* **Records for processing**:
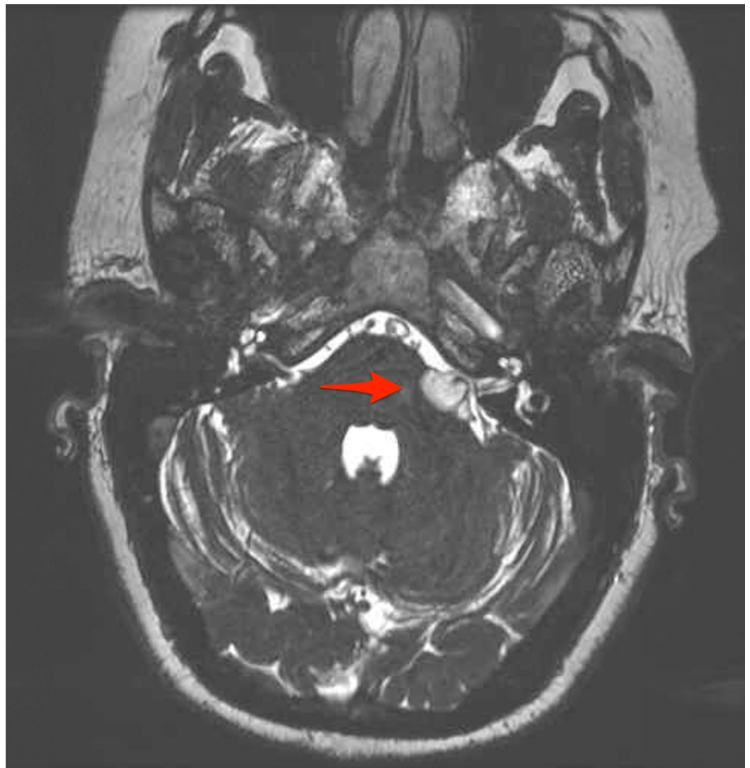
FIGURE 1: Axial fast imaging employing steady-state acquisition (FIESTA) sequence magnetic resonance imaging (MRI)

Image demonstrates a 17-mm hyperintense mass in the left cerebellopontine angle (CPA) with moderate mass effect on brainstem and surrounding structures. Arrow highlights involvement of cranial nerves VII and VIII.
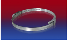
CLAMP 210 BRIDGE CLAMP
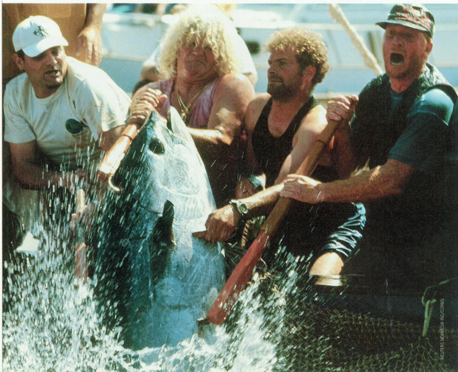
Free-range sushi. Fishermen off the coast of Favignana, Sicily, haul a tuna from their nets. Many such outfits are backed by Japanese capital.

Atlantic bluefin tuna ("ABT" in the trade) are a highly migratory species that ranges from the equator to Newfoundland, from Turkey to the Gulf of Mexico. Bluefin can be huge fish; the record is 1,496 pounds. In more normal ranges, 600-pound tuna, 10 feet in length, are not extraordinary, and 250- to 300-pound bluefin, six feet long, are commercial mainstays.
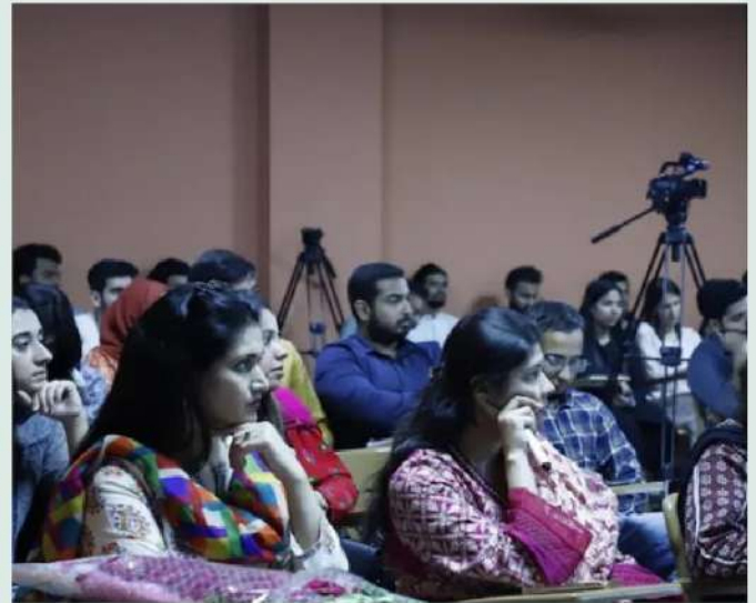
Students and Faculty members attending the Guest lecture

* **What you have to do**:
Leave every picture out and set down exactly the lines running from the one with "Free-range sushi. Fishermen" to the last line of the material above.

* **Task output**:
Free-range sushi. Fishermen off the coast of Favignana, Sicily, haul a tuna from their nets. Many such outfits are backed by Japanese capital.

Atlantic bluefin tuna ("ABT" in the trade) are a highly migratory species that ranges from the equator to Newfoundland, from Turkey to the Gulf of Mexico. Bluefin can be huge fish; the record is 1,496 pounds. In more normal ranges, 600-pound tuna, 10 feet in length, are not extraordinary, and 250- to 300-pound bluefin, six feet long, are commercial mainstays.
Students and Faculty members attending the Guest lecture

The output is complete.